8. The method according to one of claims 1 to 7, characterized in that the method further comprises:

and in response to detecting that the initial model is not trained completely, extracting part of sample images from the first sample set as target sample images again, and continuing to execute the training step by using the initial model with the adjusted parameters and the new target sample images.

9. The method according to one of claims 1 to 8, characterized in that the method further comprises:

establishing an initial target detection model by taking the image feature extraction model as a feature extraction network in a target detection model;

obtaining a labeled third sample set, wherein the third sample set comprises sample images with category labels;

and taking the sample images in the third sample set as input, and training the initial target detection model by using a machine learning method based on the class labels of the input sample images to obtain a trained target detection model.

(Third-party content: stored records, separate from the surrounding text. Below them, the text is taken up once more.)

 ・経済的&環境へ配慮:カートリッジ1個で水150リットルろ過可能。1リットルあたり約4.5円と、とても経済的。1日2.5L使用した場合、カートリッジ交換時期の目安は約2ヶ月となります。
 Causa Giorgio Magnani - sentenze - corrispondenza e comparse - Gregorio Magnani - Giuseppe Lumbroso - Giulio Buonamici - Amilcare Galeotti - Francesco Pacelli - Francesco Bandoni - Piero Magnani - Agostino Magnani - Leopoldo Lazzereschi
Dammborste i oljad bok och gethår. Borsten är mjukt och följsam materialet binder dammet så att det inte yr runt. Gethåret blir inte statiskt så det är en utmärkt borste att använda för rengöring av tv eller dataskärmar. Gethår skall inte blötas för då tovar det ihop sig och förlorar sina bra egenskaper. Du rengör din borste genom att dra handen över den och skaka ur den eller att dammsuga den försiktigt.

10. An image feature extraction method, characterized in that the method comprises:

acquiring a target image;

inputting the target image into an image feature extraction model obtained by training by adopting the method of any one of claims 1 to 9, and obtaining feature information of the target image.

11. A method of object detection, the method comprising:

acquiring a target image;

inputting the target image into a pre-trained target detection model to obtain a target detection result of the target image, wherein the target detection model comprises an image feature extraction model, and the image feature extraction model is obtained by training according to the method of one of claims 1 to 9.

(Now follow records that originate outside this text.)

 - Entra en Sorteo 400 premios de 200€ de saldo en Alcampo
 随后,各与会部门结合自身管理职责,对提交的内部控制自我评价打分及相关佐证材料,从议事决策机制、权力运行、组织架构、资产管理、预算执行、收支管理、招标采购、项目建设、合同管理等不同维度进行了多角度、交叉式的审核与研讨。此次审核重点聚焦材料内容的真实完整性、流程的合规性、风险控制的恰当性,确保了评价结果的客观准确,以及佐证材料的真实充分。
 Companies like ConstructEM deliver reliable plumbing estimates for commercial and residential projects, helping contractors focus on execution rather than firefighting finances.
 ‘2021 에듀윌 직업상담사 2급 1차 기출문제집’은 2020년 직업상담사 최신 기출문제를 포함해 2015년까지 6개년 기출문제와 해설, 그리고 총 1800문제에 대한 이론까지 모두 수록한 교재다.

12. An image feature extraction model training apparatus, characterized in that the apparatus comprises:

an acquisition unit configured to acquire a first sample set including sample images;

a first training unit configured to extract a part of sample images from the first sample set as target sample images, performing the following training steps: inputting each target sample image into the initial model to obtain the characteristic information of each target sample image; clustering the obtained characteristic information, and determining a negative sample image corresponding to each target sample image based on a clustering result; determining a positive sample image corresponding to each target sample image; determining a loss value based on the positive sample image and the negative sample image corresponding to each target sample image, and adjusting the parameters of the initial model based on the loss value; and in response to detecting that the initial model training is completed, determining the initial model after the parameters are adjusted as an image feature extraction model.

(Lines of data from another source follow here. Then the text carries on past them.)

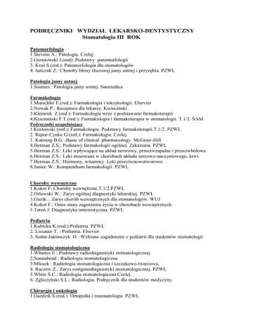 PODRĘCZNIKI WYDZIAŁ LEKARSKO-DENTYSTYCZNY Stomatologia III ROK Patomorfologia 1.Stevens A.: Patologia. Czelej 2.Groniowski J.(red):.Podstawy patomorfologii 3. Kruś S.(red.): Patomorfologia dla stomatologów 4. Jańczuk Z.: Choroby błony śluzowej jamy ustnej i przyzębia. PZWL Patologia jamy ustnej 1.Soames : Patologia jamy ustnej. Sanmedica Farmakologia 1.Mutschler E.(red.): Farmakologia i toksykologii. Elsevier 2.Nowak P.: Receptura dla lekarzy. Kwieciński 3.Kleinrok Z.(red.): Farmakologia wraz z podstawami farmakoterapii 4.Krzemiński F.T.(red.): Farmakologia i farmakoterapia w stomatologii. T.1/2. ŚAM Podręczniki uzupełniające 1.Kostowski (red.): Farmakologia. Podstawy farmakoterapii.T.1/2. PZWL 2. Rajtar-Cynke G.(red.): Farmakologia. Czelej. 3. Katzung B.G. :Basic of clinical pharmacology. McGraw-Hill 4.Herman Z.S.: Podstawy farmakologii ogólnej. Zakażenia. PZWL 5.Herman Z.S.: Leki wpływające na układ nerwowy, przeciwzapalne i przeciwbólowe 6.Herman Z.S.: Leki stosowane w chorobach układu sercowo-naczyniowego, krwi. 7.Herman Z.S.: Hormony, witaminy. Leki przeciwnowotworowe. 8.Janiec W.: Kompendium farmakologii. PZWL Choroby wewnętrzne 1.Kokot F: Choroby wewnętrzne.T.1/2.PZWL 2.Orłowski W.: Zarys ogólnej diagnostyki lekarskiej. PZWL 3.Guzik .: Zarys chorób wewnętrznych dla stomatologów. WUJ 4.Kokot F.: Ostre stany zagrożenia życia w chorobach wewnętrznych 5.Tatoń J: Diagnostyka internistyczna. PZWL Pediatria 1.Kubicka K.(red.):Pediatria. PZWL 2. Lissauer T. : Pediatria. Elsevier 3. Sońta-Jakimczyk D. :Wybrane zagadnienie z pediatrii dla studentów stomatologii Radiologia stomatologiczna 1.Whaites E.: Podstawy radiodiagnostyki stomatologicznej 2.Sonnabend : Radiologia stomatologiczna 3.Mlosek : Radiologia stomatologiczna i szczękowo-twarzowa. 4. Raczew Z.: Zarys rentgenodiagnostyki stomatologicznej. PZWL 5.White S.C.: Radiologia stomatologiczna Czelej. 6. Zgliczyński S.L.: Radiologia. Podręcznik dla studentów medycyny. Chirurgia i onkologią 1.Gażdzik S.(red.): Ortopedia i traumatologia .PZWL 2.Noszczyk W.: Chirurgia –repetytorium .PZWL 3. Fibak S.(red.): Chirurgia repetytorium. PZWL Mikrobiologia jamy ustnej 1.Samaranayake : Podstawy mikrobiologii dla stomatologów. PZWL 2. Łuczak M.(red.):Wybrane zagadnienia z mikrobiologii jamy ustnej. Czelej Protetyka stomatologiczna 1. Majewski S.W.: Rekonstrukcja zębów uzupełnieniami stałymi. 2. Shillingburg H.T.: Protezy stałe. Kwintesencja 3. Spiechowicz E. Protetyka stomatologiczna , PZWL 4. Rosenstiel S.F.: Współczesne protezy stałe. Czelej Stomatologia zachowawcza z endodoncją 1.Jańczuk Z.(red.): Stomatologia zachowawcza. Zarys kliniczny. PZWL 2.Piątowska D.: Zarys kariologii 3.Knychalska-Karwan: Podstawy chorób przyzębia i błony śluzowej 4.Jańczuk Z.(red.): Choroby błony śluzowej jamy ustnej i przyzębia. 5.Arabska-Przedpełska A.: Endodoncja praktyczna 6.Jańczuk Z.(red.): Endodoncja kliniczna . Choroby zakaźne 1.Cianciara J.(red.):Choroby zakaźne i pasożytnicze .Czelej 2.Dziubek Z.(red.): Choroby zakaźne i pasożytnicze. PZWL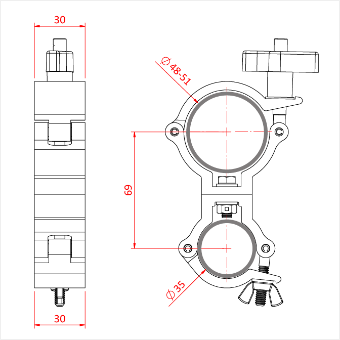 Zwei hochfester, stranggepresster Aluminium-Rohrschellen, die sich auf der einen Seite für Rohre mit einem Durchmesser von 48 mm bis 51 mm und auf der anderen Seite für Rohre mit einem Durchmesser von 25 mm, 32 mm, 35 mm oder 38 mm eignen.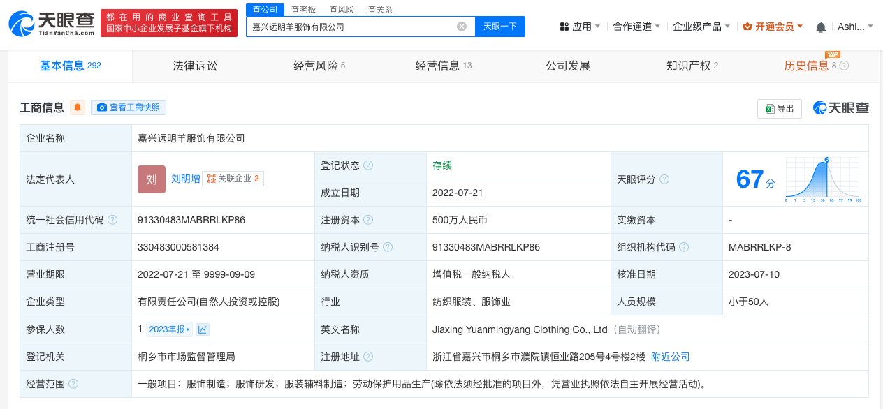 天眼查App显示,嘉兴远明羊服饰有限公司成立于2022年7月,法定代表人为刘明增,注册资本500万人民币,经营范围含服饰制造、服饰研发、服装辅料制造等,由刘明增、张芳芳共同持股。年报信息显示,该公司2023年参保人数为1人。风险信息显示,今年8月,该公司因拖欠增值税、城市维护建设税合计1.74万余元被公告。

13. An image feature extraction device characterized by comprising:

an acquisition unit configured to acquire a target image;

an input unit configured to input the target image into an image feature extraction model obtained by training according to the method of any one of claims 1 to 9, and obtain feature information of the target image.

14. An object detection apparatus, characterized in that the apparatus comprises:

an acquisition unit configured to acquire a target image;

an input unit configured to input the target image to a pre-trained target detection model, and obtain a target detection result of the target image, wherein the target detection model includes an image feature extraction model, and the image feature extraction model is obtained by training according to the method of one of claims 1 to 9.

15. An electronic device, comprising:

one or more processors;

a storage device having one or more programs stored thereon,

when executed by the one or more processors, cause the one or more processors to implement the method of any one of claims 1-11.

16. A computer-readable medium, on which a computer program is stored which, when being executed by a processor, carries out the method according to any one of claims 1-11.